Ganz Spontan, ja Teamviewer App, auf Tablet und die exe am Lapi starten verbinden und los gehts.
TeamViewer: Fernwartung, Online Meeting und Fernzugriff - kostenlos für Privatnutzer

Sogar mit Tastatur- und Mausfunktion.


----------



## Iceananas (5. März 2012)

Eine kostenpflichtige, aber bessere Variante davon ist Splashtop HD/THD (für Tegra Tablets).

läuft mit wesentlich höherer Framerate und die Bedienung ist sehr gut.
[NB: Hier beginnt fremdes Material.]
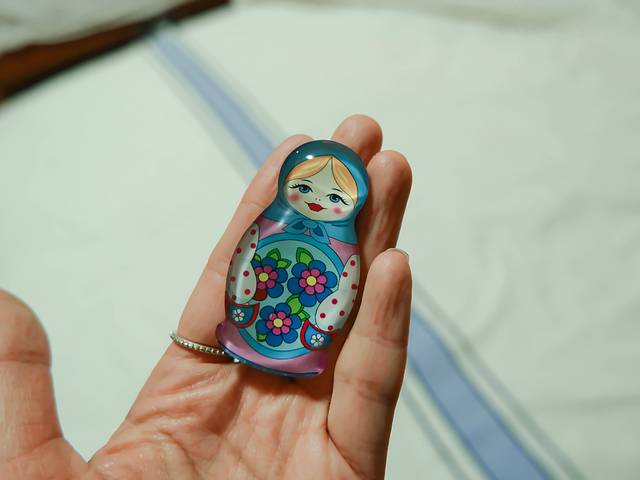 1、 冰箱贴收藏爱好者,不论走到哪里我都会为自己买一个冰箱贴,选了眼睛非常迷人的套娃。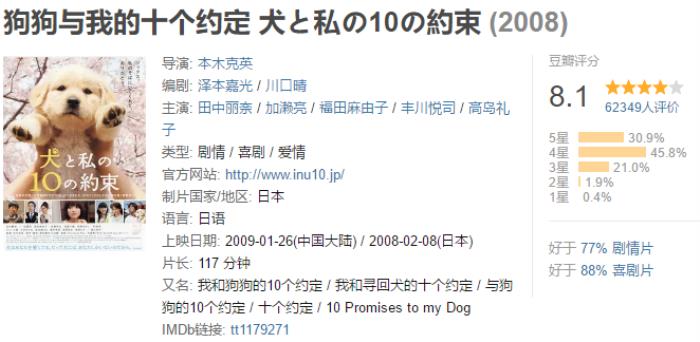 根据川口晴的小说《我和狗狗的10个约定》改编而成的电影,该片由福田麻由子,丰川悦司,高岛礼子主演

Voraussetzung ist natürlich Android. Bei Apple Geräten wüßte ich nichts.


----------



## OctoCore (5. März 2012)

iDisplay - für Äpfel *und* Androiden. 
Kann auch mehr als nur duplizieren - auch als echter erweiterter Desktop oder unabhängiger Zweitmoni.
Auf dem PC zocken und auf dem Tab-Screen die diversen CPU/GPU-Tools laufen lassen, so das man gleich weiß, was Sache ist.

Ansonsten - Teamview wurde schon erwähnt, VNC ... das übliche eben.


----------



## alpenpoint (6. März 2012)

Hallo,

vielen dank, ich werd mich mal unter den genannten Progs umschauen!



lg, Alpi


----------